Funny, I’ve always been in two minds about starting new traders on Douglas, but actually think this can help right from the start, and makes the transition to adopting the “probabilistic mindset” easier, and focuses the objective on consistency much like in an open emotionally rewarding music session for new musicians.  You know, try to get a positive feedback loop going... seems to work well (most of the time).

I have kind of debated when to bring this in for quite a while now, and on average going straight into it seems to have had the best results (admittedly with only my limited and not very representative sample from a nationwide perspective).  

Reading “makeorbreak’s” comments I got the feeling it might be of benefit, and would be a low probability to cause a problem, but I do take your point, and did initially hold that point of view like you for quite some time...
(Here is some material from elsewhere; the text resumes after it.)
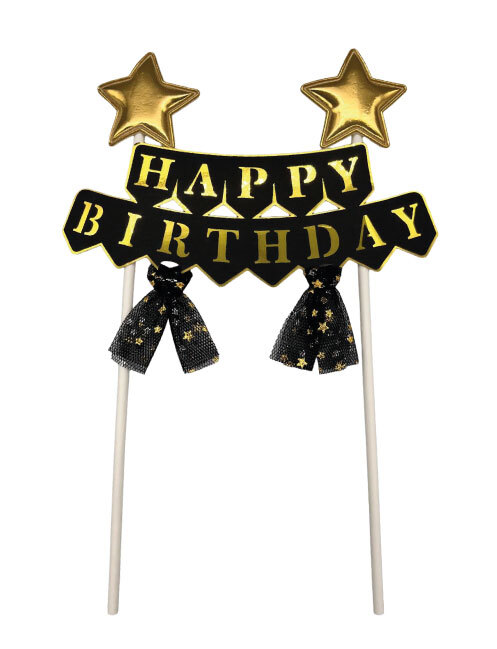 Pasta Üstü Çubuklu Happy Birthday Yıldızlı Tüllü Siyah

As for the other texts, why not go for succinct to the point comprehensive texts that actually address core technical analysis issues and not stuff around with outdated ideas... especially so it can take the individual through from beginner through to an intermediate level?  The focus was on T/A... Just my point of view though, as stated, definitely not gospel...
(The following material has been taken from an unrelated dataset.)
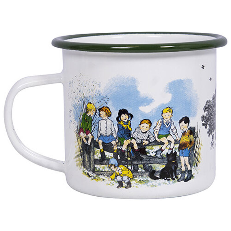 Vacker emaljmugg från Nordic Souvenir, med motiv av alla vi barn i Bullerbyn.

Now there is something of interest here – Wilson.  Hmmm something I know nothing about.  Great, I like a new challenge.  Do tell me that it doesn’t involve moving averages and oscillators, won’t you?  Does it have concepts on time and price forecasting, counter trends, wave structure, time cycles, bar chart & Volume analysis?  Would be interested if so...


Regards


Magdoran


----------



## wayneL (25 June 2006)

Magdoran said:
			
		

> ...concepts on time and price forecasting, counter trends, wave structure, time cycles, bar chart & Volume analysis




What books have you found useful for these concepts, Mag?

Cheers


----------



## Magdoran (25 June 2006)

Oh well, I'm kind of disappointed.  Leon Wilson seems to be into lagging indicators like the tired old MACD, ATR, Parabolic, oscillator kind of “shadows on the walls” approach from the web pages I've found.  Am I right in this impression?


Regards


Magdoran


----------



## Magdoran (25 June 2006)

Awwww Wayne,

You know the answer to that...  but for everyone else’s benefit, the mask comes off, and that controversial name is - W.D. Gann (all his works), Prechter and Frost, R.N. Elliot, and a range of Gann revisionists (try Bryce T. Gilmore for example, I don’t fully subscribe to his ideas, but Geometry of the markets I & II are an interesting read).  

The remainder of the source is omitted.